Oct 17 KTVZ News: Iraq War victims’ families, one from C.O., sue big drug, medical-supply cos.
WASHINGTON – A group of American veterans and civilians, and their families — one from Central Oregon — filed a lawsuit against five major pharmaceutical and medical-supply corporations in federal court Tuesday, accusing them of knowingly or recklessly supporting an Iraqi terrorist group that attacked, killed, and wounded thousands of Americans in Iraq.
Financing for the group has come through a longstanding and continuing bribery scheme that many of the defendants have pursued for years and was designed to keep their profits high, the lawsuit alleges.
The defendants named in the lawsuit are the parent companies and/or subsidiaries of AstraZeneca plc (AZN), General Electric Company (GE), Johnson & Johnson (JNJ), Pfizer Inc. (PFE), and Roche Holding AG (RHHBY).

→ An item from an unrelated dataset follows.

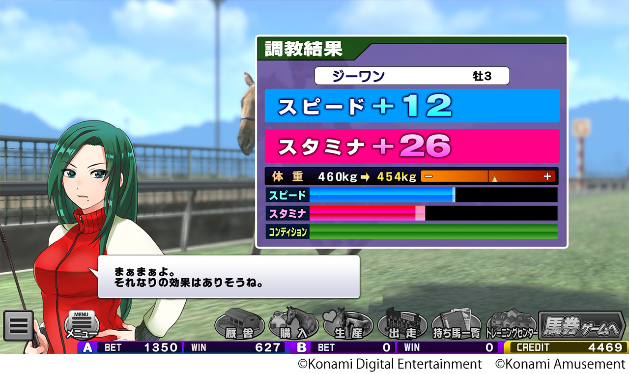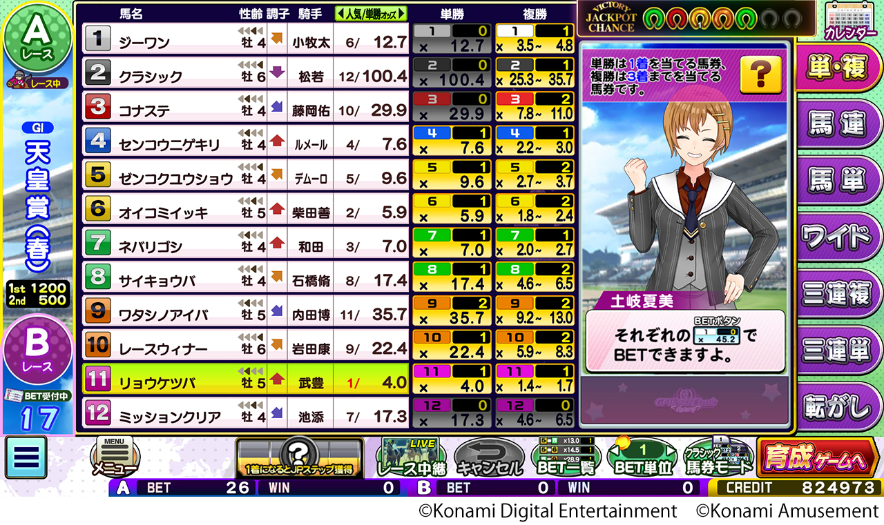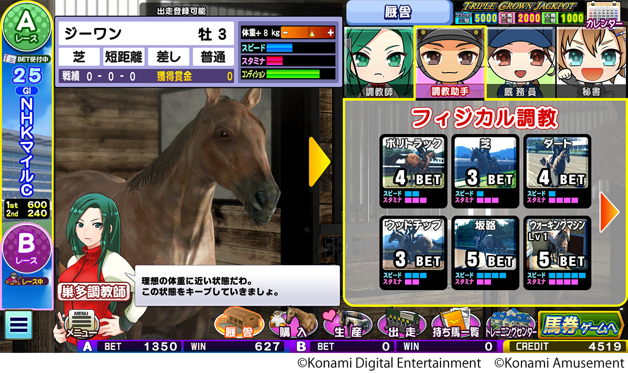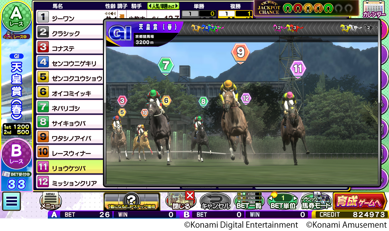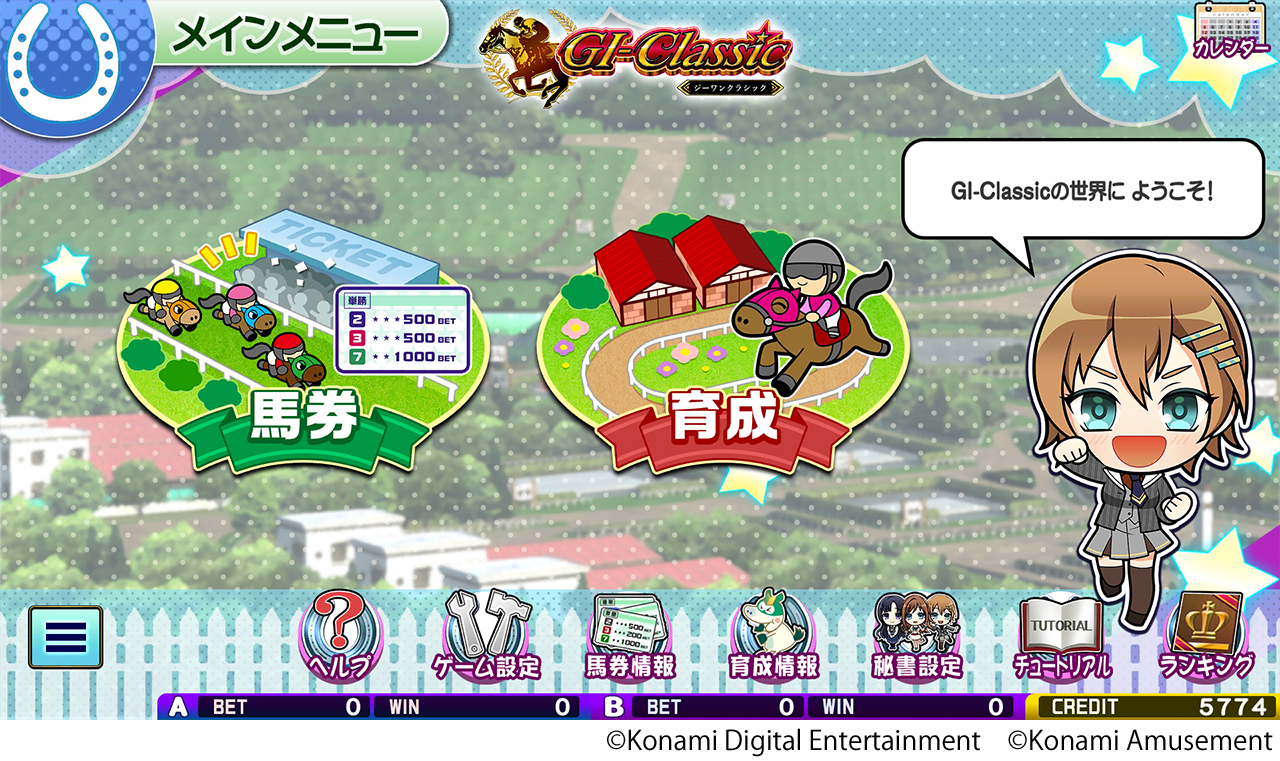 ダウンロードコンテンツ「GI-Classic」は、レースの結果を予想する「馬券ゲーム」と、所有する馬を調教してレースに出走させる「育成ゲーム」をプレーでき、アーケード版と同様に競馬メダルゲームの面白さをお楽しみいただけます。

The defendants are being sued under the Anti-Terrorism Act by more than 100 Americans who were attacked or who had a family member attacked by the terrorist group Jaysh al-Mahdi (also known as JAM or the Mahdi Army).
The plaintiffs include the brother and sister of Deborah Klecker, a Sunriver resident and retired police officer who went to Iraq to train Iraqi police. She was killed on June 27, 2005 by an improvised explosive device planned and detonated by Jaysh al-Mahdi in eastern Baghdad, the lawsuit alleges.